映画音楽家モーリス・ジャール(84歳)が来日
【大阪ヨーロッパ映画祭】11月12日(水)、青山にて、『アラビアのロレンス』完全版ニュー・プリントバージョンの記者会見が行われ、大阪ヨーロッパ映画祭の名誉委員長として来日した同作の作曲家モーリス・ジャール氏が登壇しました。

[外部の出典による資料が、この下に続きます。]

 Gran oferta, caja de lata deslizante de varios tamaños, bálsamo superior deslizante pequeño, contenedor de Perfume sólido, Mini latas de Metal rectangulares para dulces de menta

『アラビアのロレンス』は、映画史上の最高傑作として金字塔を打ち建て、数々の伝説を生み出した作品です。女性が一人も出てこなければ、カーレースもない。それなのにこの映画は観る人を感動させます。これを生涯のベストワン映画とする人も多く、かのスピルバーグもその一人です。これがこの年、高画質の完全版ニュー・プリントバージョンとして商業公開されることになりました。ソニー・ピクチャーズ エンタテインメント映画部門日本代表の佐野哲章氏は、かねてからクラシック映画を一般映画と同等に劇場公開することを願っていたといいますから、ここにようやく念願が叶ったということになります。モーリス・ジャール氏も完全版について「まるで先週できあがったばかりの新作のようだ」と胸を張っています。

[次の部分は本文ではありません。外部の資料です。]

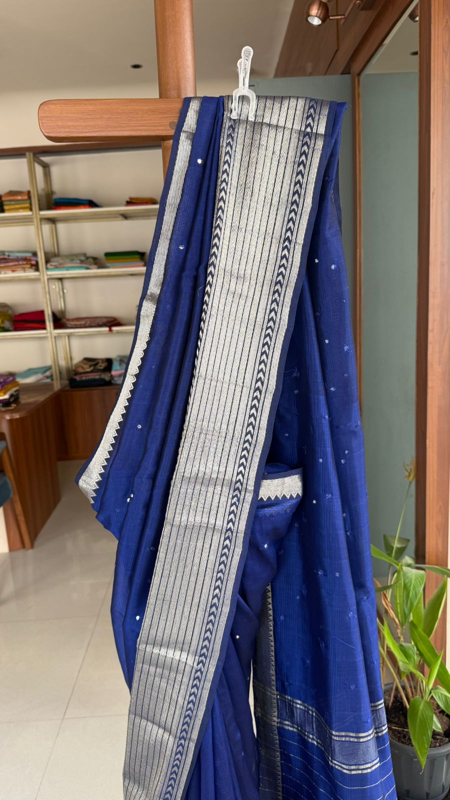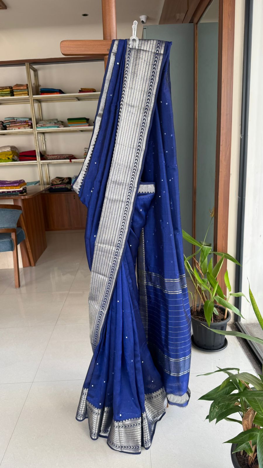 Fabric: Mangalgiri pattu with silver zari border and mirrors

ジャール氏は、世界で最も有名な映画音楽家の一人です。これまでに主にデヴィッド・リーン、ジョン・ヒューストン、ピーター・ウィアー等の作品の音楽を担当してきました。会見では、ジャール氏が名作『アラビアのロレンス』の音楽を作るまで、その誕生秘話を時間が許す限り語ってくれました。ジャール氏は、プロデューサーのサム・スピーゲル氏にロンドンに呼び出されて作曲を依頼されました。40時間におよぶ映像をずっと見せられ、たったの6週間で音楽を作るように頼まれたジャール氏は、5時間働いたら20分だけ寝て、また5時間働いたら20分寝るというスケジュールを6週間も続けたそうです。寝るのが大好きというジャール氏、そのときばかりは頭の中がぐるんぐるんになっていたといいますが、映画史上最高の映画音楽は、こうして誕生しました。

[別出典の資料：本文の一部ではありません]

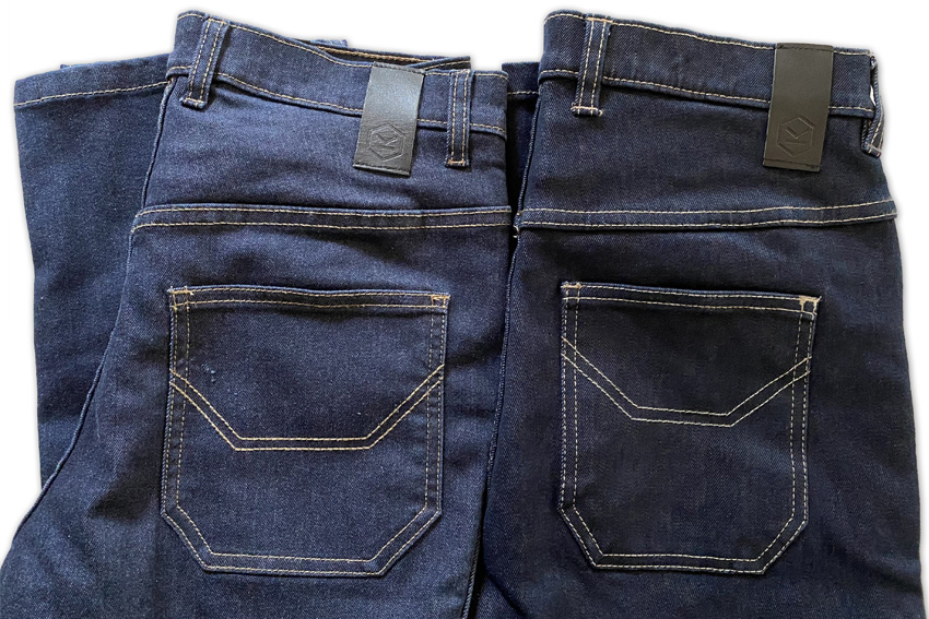 まずは大きく違うのはお値段。ブライトン19800円に対してシールド35200円です。何がそんなに違う??という話になりますが、シールドはSpectra※という特殊繊維を織り込んだ一層構造の生地であるため少しお高くなっているんですね。一方ブライトンの方はケブラー繊維の裏地補強をダメージの多そうな部分(下のブライトンの画像で黒い布が付いている部分)だけに施してあります。ブライトンはデニム自体にCordura繊維を混合しており、通常のコットン100%のデニム生地より摩耗に強くなっています。

ジャール氏は『アラビアのロレンス』の他、『ドクトル・ジバゴ』、『インドへの道』の音楽を作曲。デヴィッド・リーン監督が手がけたこの3作で計3回のアカデミー賞に輝きました。最後にジャール氏は「とても口うるさい人で何度も書き直しを要求されましたが、彼がいるから今私はこうしてここにいるのです。私は彼と仕事ができてとても幸運でした。ありがとうデヴィッド」と、巨匠への感謝の言葉で締めくくりました。
『アラビアのロレンス』完全版ニュー・プリントバージョンの大阪ヨーロッパ映画祭記念上映は、11月21日(金)15:00よりリサイタルホールにて行われます。また、同日11:00から同じくリサイタルホールにて『モーリス・ジャールの軌道』が上映されます。